To understand better the types of errors made by neural network models in NLI we looked at some example failure-pairs for selected models.555More thorough error analysis of each of the models and set-up is out of scope of this work but we intend to address these in our future research. Tables 5 and 6 contain some randomly selected failure-pairs for two models: BERT and HBMP, and for three set-ups: SNLISICK, SNLIMultiNLI and MultiNLISICK. We chose BERT as the current the state of the art NLI model. HBMP was selected as a high performing model in the sentence encoding model type. Although the listed sentence pairs represent just a small sample of the errors made by these models, they do include some interesting examples.

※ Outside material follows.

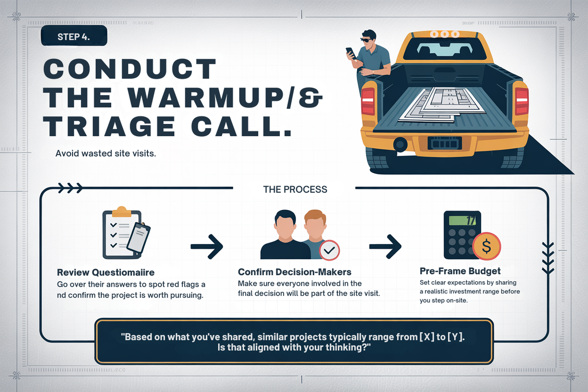 The Checkpoint: This call prevents you from wasting time on site visits that go nowhere. Too many contractors skip this step and discover during the site visit that one spouse isn't on board, the budget isn't real, or the timeline is unrealistic.
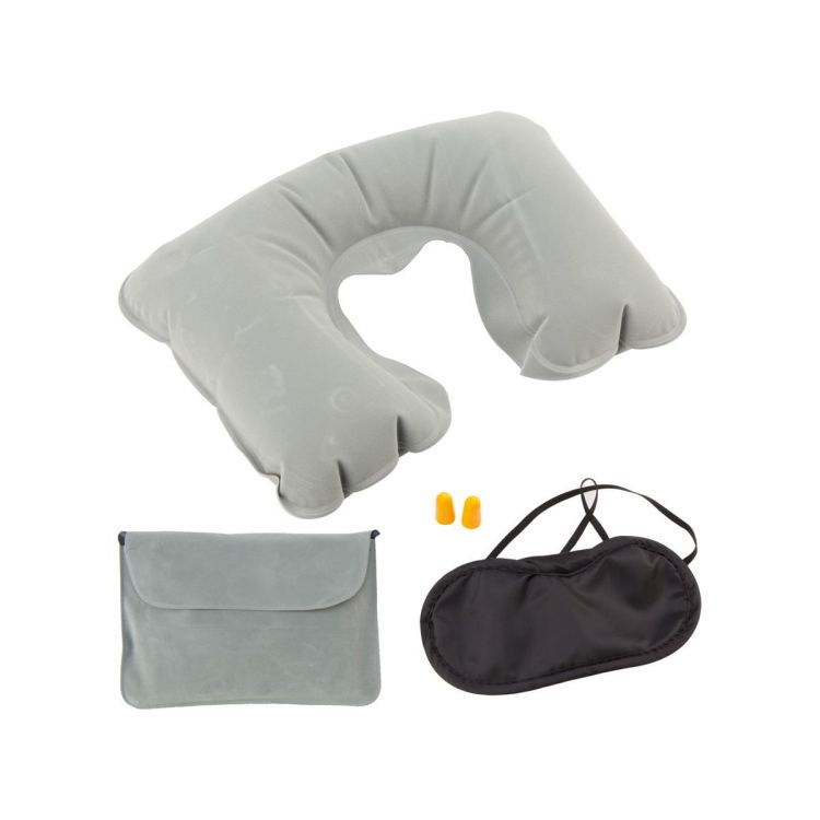 Set da viaggio composto da cuscino gonfiabile, maschera per gli occhi e tappi per le orecchie. Fornito con sacchetto in velluto di colore coordinato.

First, it seems that SICK has a more narrow notion of contradiction – corresponding more to logical contradiction – compared to the contradiction in SNLI and MultiNLI, where especially in SNLI the sentences are contradictory if they describe a different state of affairs. This is evident in the sentence pair: A young child is running outside over the fallen leaves and A young child is lying down on a gravel road that is covered with dead leaves, which is predicted by BERT to be contradiction although the gold label is neutral. Another interesting example is the sentence pair: A boat pear with people boarding and disembarking some boats. and people are boarding and disembarking some boats, which is incorrectly predicted by BERT to be contradiction although it has been labeled as entailment. Here the two sentences describe the same event from different points of view: the first one describing a boat pear with some people on it and the second one describing the people directly. Interestingly the added information about the boat pear seems to confuse the model.

5 Discussion and Conclusion

In this paper we have shown that neural network models for NLI fail to generalize across different NLI benchmarks. We experimented with six state-of-the-art models covering sentence encoding approaches, cross-sentence attention models and pre-trained and fine-tuned language models. For all the systems, the accuracy drops between 3.6-33.7 points (the average drop being 24.9 points), when testing with a test set drawn from a separate corpus from that of the training data, as compared to when the test and training data are splits from the same corpus. Our findings, together with the previous negative findings, indicate that the state-of-the-art models fail to capture the semantics of NLI in a way that will enable them to generalize across different NLI situations.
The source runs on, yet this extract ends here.